COUPLE D’ÉCRIVAINS  GENEVIÈVE PETTERSEN ET SAMUEL ARCHIBALD

Un joyeux chaos

« Eh, Pol Pot ! »

Samuel Archibald surnomme affectueusement sa conjointe Geneviève Pettersen, arrivée presque au terme de sa grossesse, du nom d’un sanguinaire dictateur, juste pour rire. Les derniers milles sont éreintants pour elle, qui ne sait plus trop comment s’asseoir confortablement. « Je veux que tu m’appliques mon vernis à ongles sur les orteils jusqu’à l’accouchement ! », lui réplique-t-elle.

Il est professeur de littérature et auteur du recueil de nouvelles Arvida  ; elle est pigiste et auteure du roman La déesse des mouches à feu. Ils ont connu un véritable succès avec leurs livres, ce qui a fait d’eux un couple d’écrivains en vue.

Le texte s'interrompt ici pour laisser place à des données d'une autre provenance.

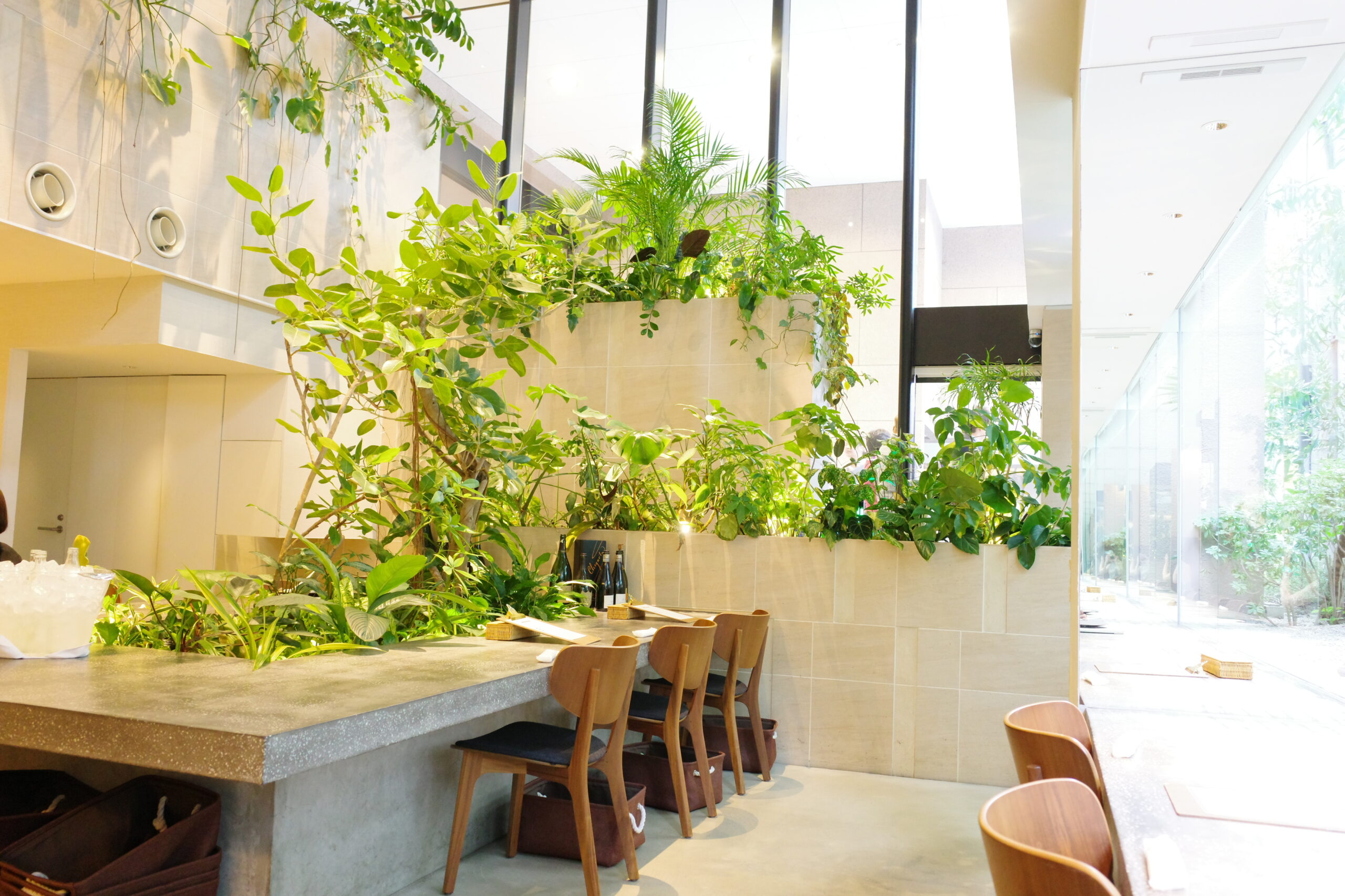 こちらのコンセプトは「延長された深緑」。その言葉通り、目の前の靭公園の豊かな緑が、そのままお店の中まで続いているような不思議な感覚になります。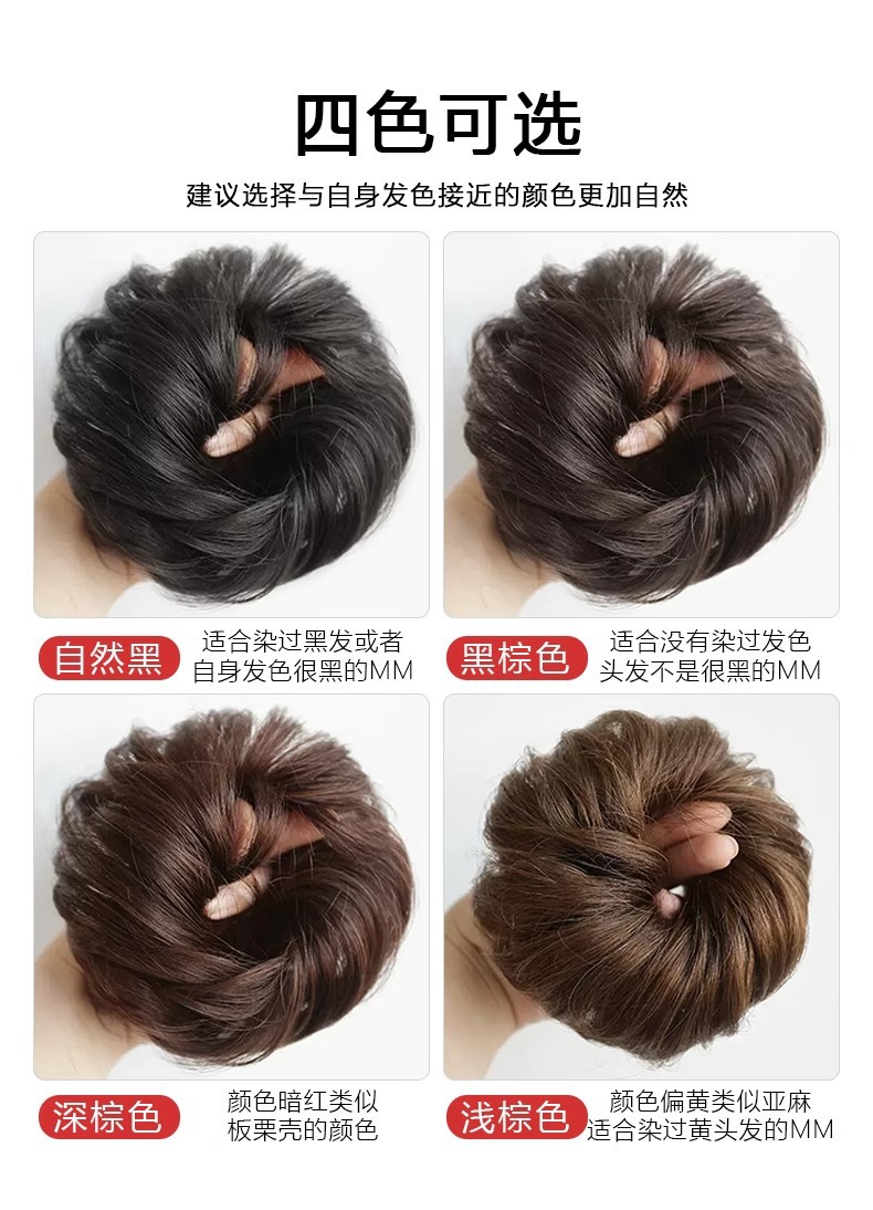 中華巻き毛お団子ヘア【ナチュラルブラック】ヘアゴムスタイル,中華巻き毛ボールヘア【ブラウンブラック】ヘアゴムスタイル,中華巻き毛ボールヘア【ライトブラウン】ヘアゴムスタイル,中華巻き毛ボールヘア【ダークブラウン】ヘアゴム風

Lorsque nous les avons contactés pour cette série, nous avons proposé de les photographier dans leurs bureaux de travail, mais c’est avec surprise que nous avons appris qu’ils n’en avaient pas ! Il n’y a pas de place pour un bureau dans leur charmante petite maison de Rosemont, d’autant plus que leur troisième enfant est en route.

DU TEMPS VOLÉ À ÉCRIRE

C’est un joyeux chaos qui règne chez les Archibald-Pettersen, entre les enfants, le chien qui jappe et les montagnes de bouquins. Comment sont-ils venus à bout de leurs manuscrits, on se le demande !

« J’ai pris l’attitude guérilla », répond Samuel. « J’écris sur le coin de la table de cuisine, beaucoup dans l’autobus, derrière des factures, même sur du papier de toilette. » « Lui, il est capable d’écrire dans le chaos, note Geneviève. Moi, j’ai besoin de plus de calme, de plus de silence. »

« J’ai compris qu’elle travaillait à quelque chose quand elle a fait un ménage pas ordinaire dans la pièce qui est aujourd’hui devenue la chambre du bébé. » 

— Samuel Archibald à propos de Geneviève Pettersen

Pour tous les deux, écrire signifie voler du temps au rythme effréné de leur vie. Il leur a tout de même fallu une petite retraite pour mettre la touche finale à leurs livres, en s’isolant dans un chalet, sinon carrément dans le salon de leur éditeur (ils publient tous les deux au Quartanier).

« J’ai constaté que tout ce que je n’écris pas, je le retiens et ça me travaille, dit Samuel. Quand j’écris des notes partout et que je les perds, je vire à moitié fou ! »

« ÇA, C’EST À MOI ! »

Une saine jalousie anime ce couple d’écrivains. « Sam est plus frustré dans le temps que moi, parce qu’il a un travail de professeur, note Geneviève. Je suis travailleuse autonome ; je peux travailler uniquement sur ce que je veux. »

Le processus d’écriture, ils le vivent chacun de leur côté et ils ne font lire que le résultat – jamais les brouillons – à l’autre, histoire d’éviter de trop s’influencer dans leurs commentaires en cours de création.

Pour les idées, qui leur viennent surtout en voyage, ils tracent spontanément les limites. « Si mon père raconte une bonne histoire, je lui dis : “Ça, c’est à moi !”, précise Samuel. Là où on collabore le plus, c’est lorsqu’on parle de nos titres et de la poutine d’un livre, comme le quatrième de couverture. »

Ils admettent que si Geneviève, qui a publié après Samuel, n’avait pas connu de succès, cela aurait pu être difficile pour leur couple. Heureusement, ils ont tous les deux goûté au plaisir du lectorat, « et ce qui est bien, souligne Geneviève, c’est qu’on n’a pas le même ».

« Moi, c’est les gens d’un certain âge, et elle, ce sont les kids », renchérit Samuel. « Malgré tout, dans les salons du livre, les gens s’attendent à ce qu’on signe ensemble, note-t-elle. Ça intrigue les gens. Ça ne nous dérange pas d’être ensemble ou de faire des talk-shows ; c’est tellement rare que les écrivains prennent ce genre de place. Mais nous faisons quand même attention, il faut que ce soit pour une bonne raison. »

On peut lire Geneviève Pettersen toutes les semaines sur le site web du magazine Châtelaine. Son essai, Vie et mort du couple (Éditions La Presse), est en librairies et son roman, La déesse des mouches à feu (le Quartanier), est en nomination aux prix Archambault. Elle cosigne avec Mélanie Charbonneau la série web Les Stagiaires qui sera diffusée en mars.

Samuel Archibald travaille à son deuxième livre qui sera publié au Quartanier, et présentera cet été sa pièce de théâtre Saint-André-de-l'épouvante à Carleton-sur-Mer.